* [Required work]: Exact repetition of a range: find the line containing "- přijímač s" and the line containing "Successivamente, a seguito" in the material below, then repeat both and all lines between them, leaving pictures out.

* [Dataset records]:
.....

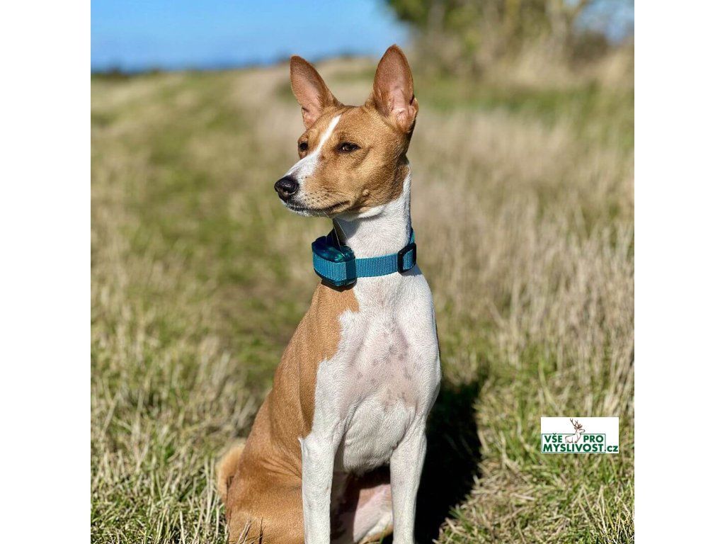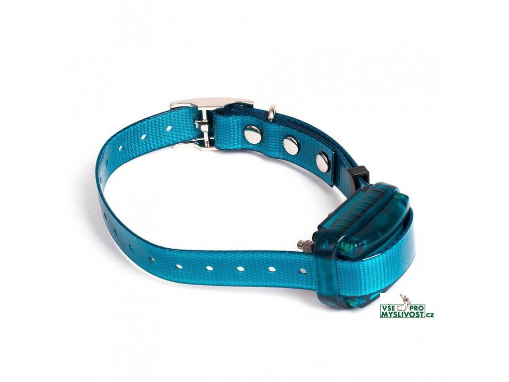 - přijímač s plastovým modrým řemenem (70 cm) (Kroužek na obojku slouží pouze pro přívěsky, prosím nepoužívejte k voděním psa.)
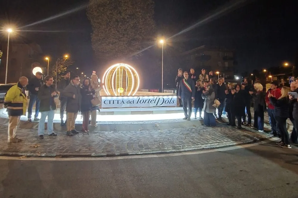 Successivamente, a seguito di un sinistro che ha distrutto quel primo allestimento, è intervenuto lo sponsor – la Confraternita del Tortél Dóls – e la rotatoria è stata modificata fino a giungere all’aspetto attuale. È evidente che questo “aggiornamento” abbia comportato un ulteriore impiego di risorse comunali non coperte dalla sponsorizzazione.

.....

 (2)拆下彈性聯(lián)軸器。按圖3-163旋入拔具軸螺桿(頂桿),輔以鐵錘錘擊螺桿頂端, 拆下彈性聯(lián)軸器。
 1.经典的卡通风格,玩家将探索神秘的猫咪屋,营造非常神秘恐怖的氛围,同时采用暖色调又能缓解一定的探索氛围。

.....

* [Task result]:
 - přijímač s plastovým modrým řemenem (70 cm) (Kroužek na obojku slouží pouze pro přívěsky, prosím nepoužívejte k voděním psa.)
 Successivamente, a seguito di un sinistro che ha distrutto quel primo allestimento, è intervenuto lo sponsor – la Confraternita del Tortél Dóls – e la rotatoria è stata modificata fino a giungere all’aspetto attuale. È evidente che questo “aggiornamento” abbia comportato un ulteriore impiego di risorse comunali non coperte dalla sponsorizzazione.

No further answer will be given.